M: You seem now to be in the paradoxical position of saying that if everyone evaded [e.g., paying taxes], it would be disastrous and yet no one is to blame. . . .But surely there can’t be a disaster of this kind for which no one is to blame.
D: If anyone is to blame it is the person whose job it is to circumvent evasion. If too few people vote, then it should be made illegal not to vote. If too few people volunteer, you must introduce conscription. If too many people evade taxes, you must tighten up your enforcement. My answer to your ‘If everyone did that’ is ‘Then some one had jolly well better see that they don’t’. . .
Colin Strang, philosopher, “What If Everyone Did That?”, 1960
Eight years later, we get Garrett Hardin’s Tragedy of the Common, whose answer to “What if every herder did that?” is: “We must admit that our legal system of private property plus inheritance is unjust–but we put up with it because we are not convinced, at the moment, that anyone has invented a better system. The alternative of the commons is too horrifying to contemplate. Injustice is preferable to total ruin.”

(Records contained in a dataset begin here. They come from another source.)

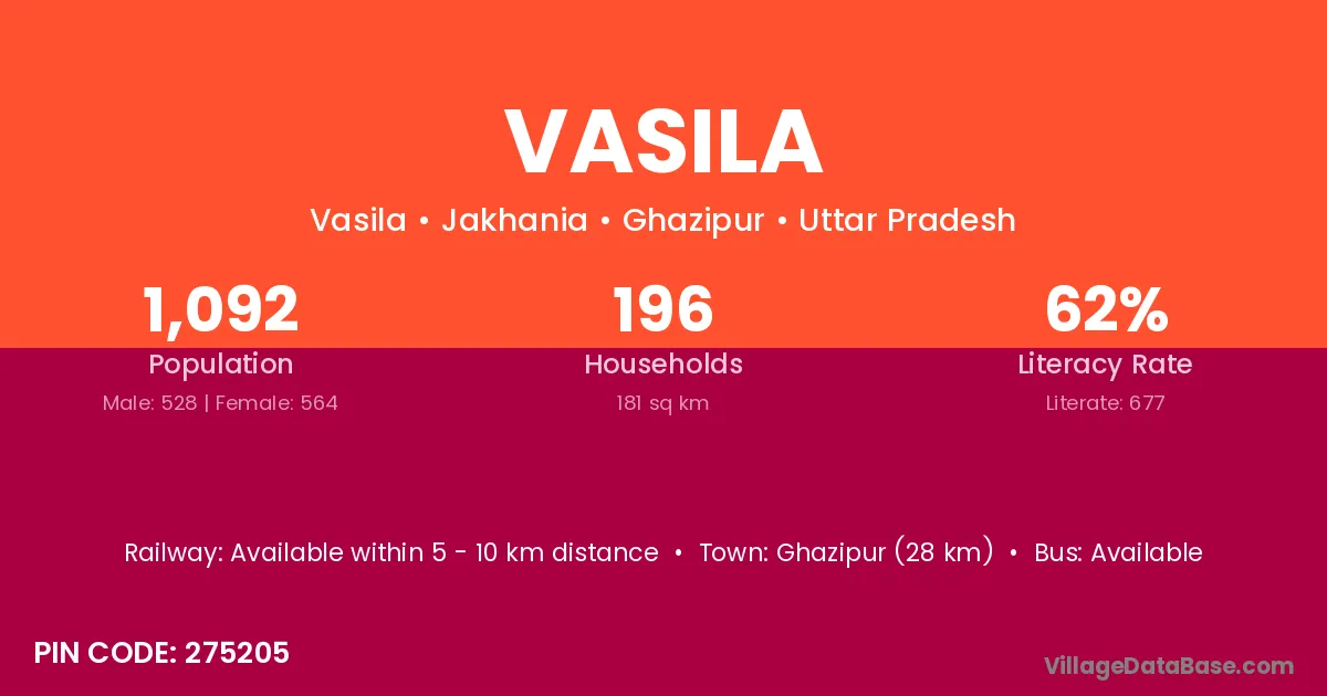Ghazipur (28 km) is the nearest town to Vasila village for major economic activities and is located approximately 28 km away.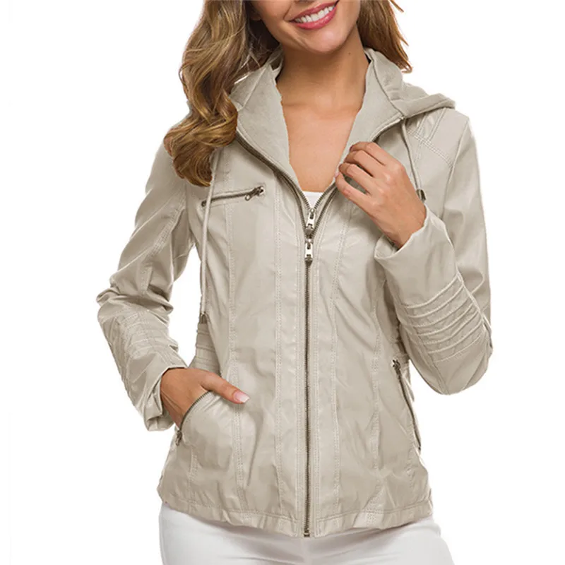 Куртка женская из искусственной кожи, ветрозащитная, на молнии, с капюшоном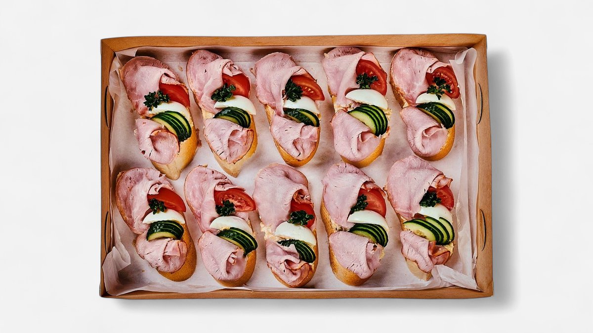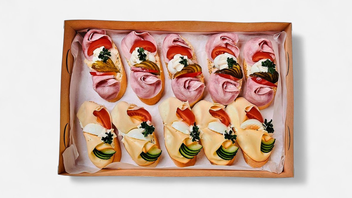 Složení: vepřová šunka standard, sýr eidam, salám Herkules, máslo, rajčata, okurka čerstvá, petrželka 190g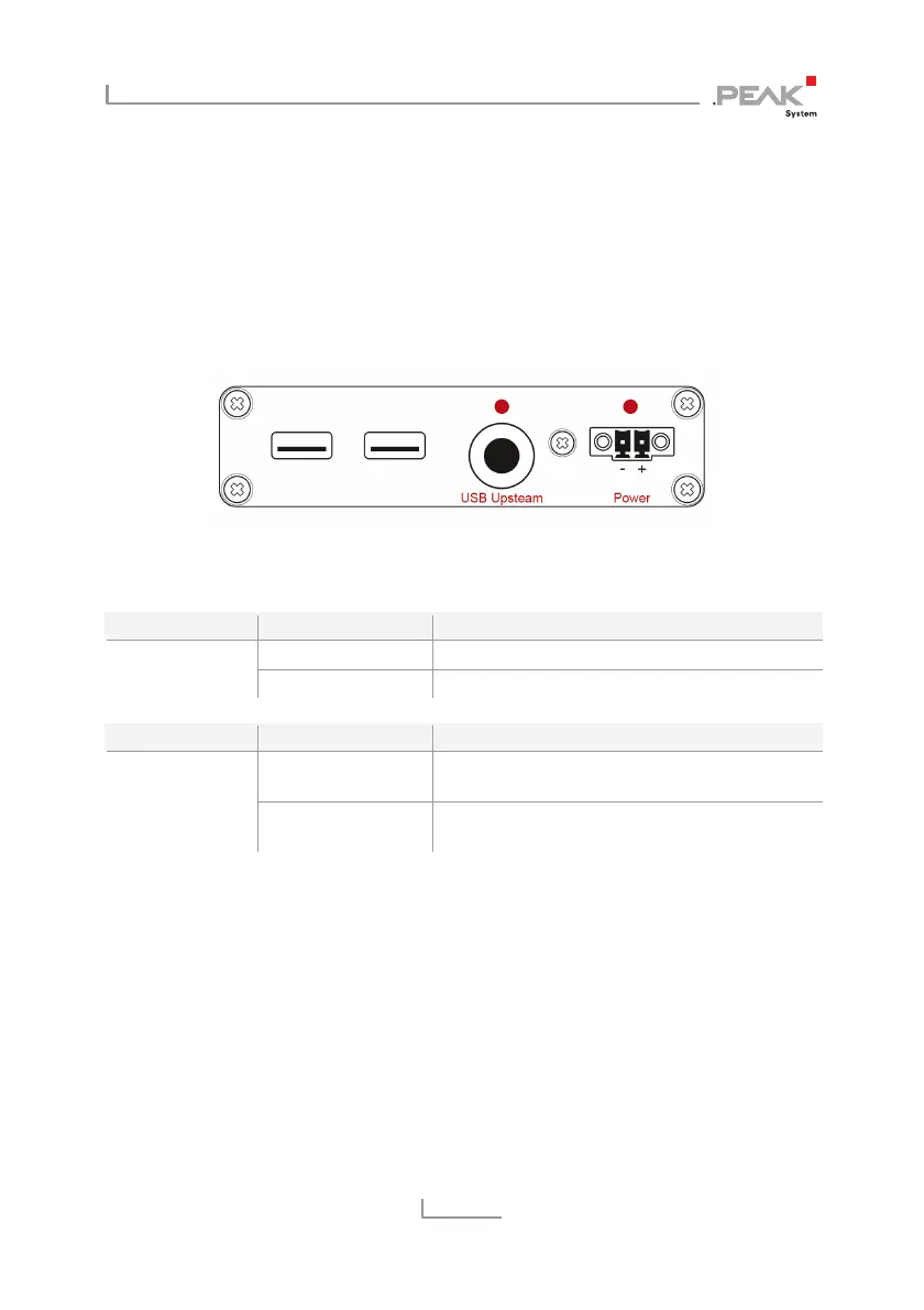 The PCAN-USB Hub has several status LEDs.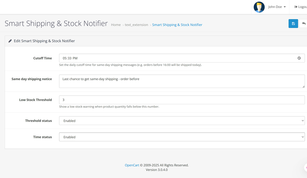 Smart Shipping & Stock Notifier adds two smart features to your OpenCart store: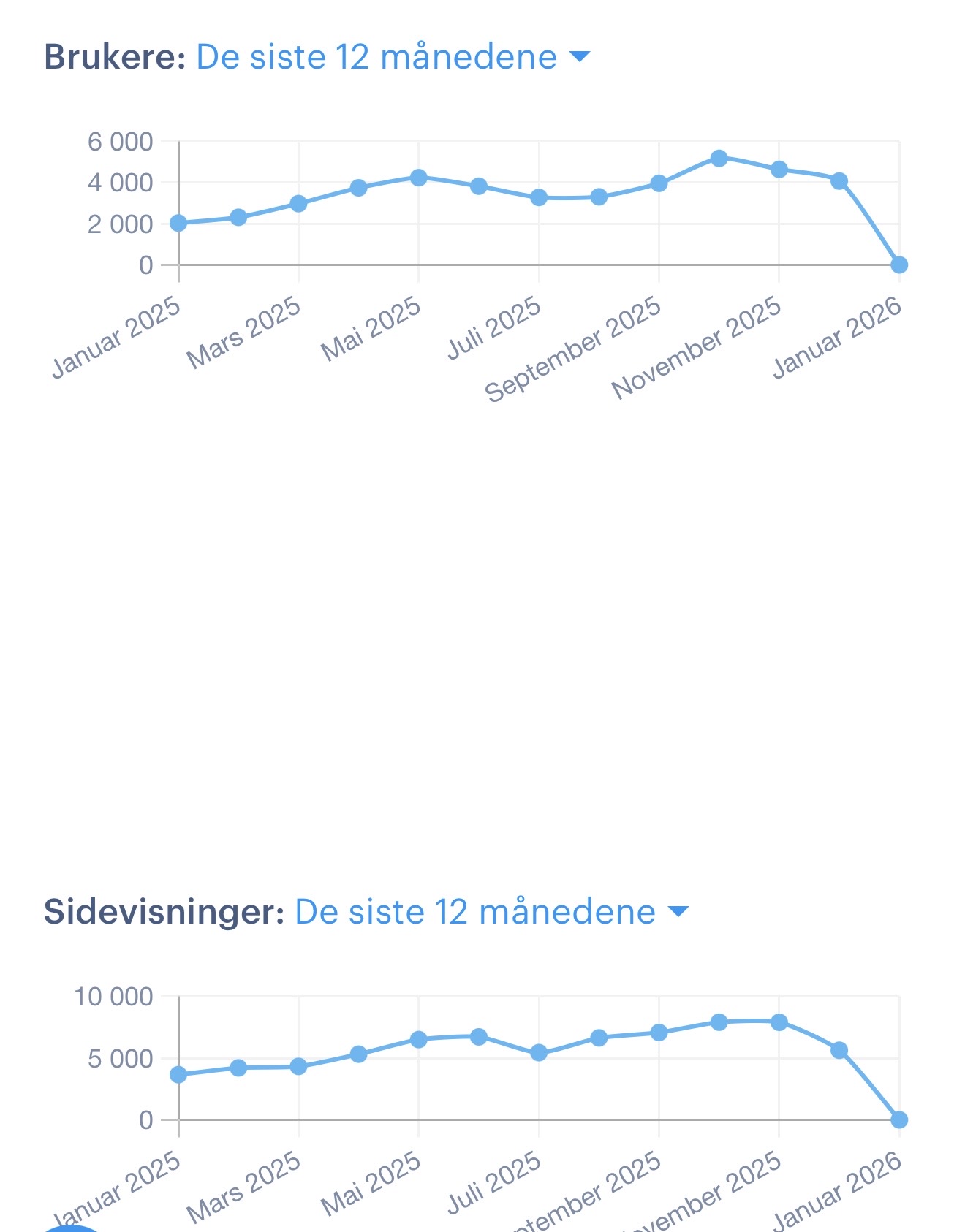 Antall brukere viser en jevn og stabil økning gjennom året. Trafikken starter på rundt 2 000 brukere i januar, øker gradvis gjennom våren og når et første toppnivå i mai–juni på over 4 000 brukere. Sommeren viser en moderat utflating, før ny vekst fra september. Årets høyeste nivå registreres i oktober–november med over 5 000 brukere.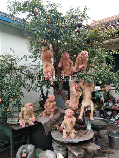 仿真猴子模型是根据实际猴子比例根据客户要求来定做的专业模型,本产品应用于影视拍摄仿真猴子道具,博物馆专业展览仿真模型,园林景区实物比例仿真猴子模型等。仿真猴子模型产品的内胎雏形全部采用人工分刻技术,由专业美工大师雕刻模具,形态归真比例协调,引进德国一体注塑科技机台,保证猴子雏形没有接痕。仿真猴子模型外部皮毛采用优质山羊皮安全熟制加工,去头皮,使皮革安全柔软又不失毛峰的油亮光滑。山东国威工艺成立于1980,是一家致力于开发生产仿真猴子模型的厂家,欢迎新老顾客来图定制,祝大家财源亨通。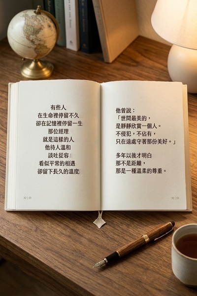 有一次他來拜訪時 忽然說了一句讓我至今記得的話 他說:「世間什麼最美?靜靜地欣賞一個人 不侵犯、不佔有,保持一點距離 那種美感,是我心情最愉悅的時刻。」 當時我沒有完全理解他在說什麼,只是靜靜聽著 他看得出來我似懂非懂,於是微笑著說: 「妳是我非常欣賞的人;我會動心 但不會任意越線,這是原則。」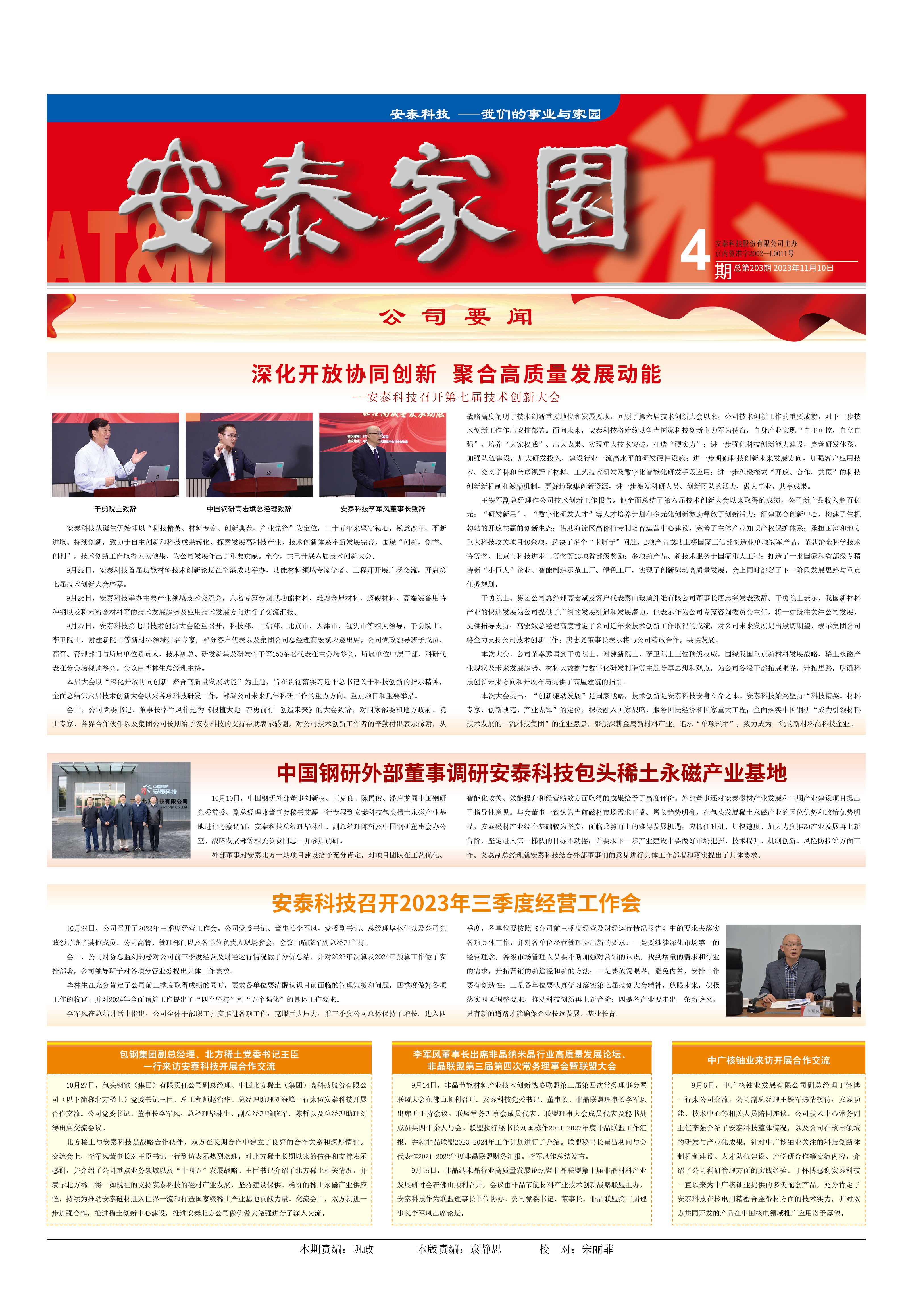 本次大會(huì)提出:“創(chuàng)新驅(qū)動(dòng)發(fā)展”是國(guó)家戰(zhàn)略,技術(shù)創(chuàng)新是安泰科技安身立命之本。安泰科技始終堅(jiān)持“科技精英、材料專家、創(chuàng)新典范、產(chǎn)業(yè)先鋒”的定位,積極融入國(guó)家戰(zhàn)略,服務(wù)國(guó)民經(jīng)濟(jì)和國(guó)家重大工程;全面落實(shí)中國(guó)鋼研“成為引領(lǐng)材料技術(shù)發(fā)展的一流科技集團(tuán)”的企業(yè)愿景,聚焦深耕金屬新材料產(chǎn)業(yè),追求“單項(xiàng)冠軍”,致力成為一流的新材料高科技企業(yè)。

Get real: We’ve always known the better question is: Whose job is it to ensure overgrazing doesn’t happen? Which, to be frank, continues to be the same as asking: Whose job is it to define “overgrazing”?
NB: One of the biting ironies is that Hardin’s explicit piece on morality took no account of Strang’s essay, which was among the most cited and anthologized in collections on ethics and morality at that time.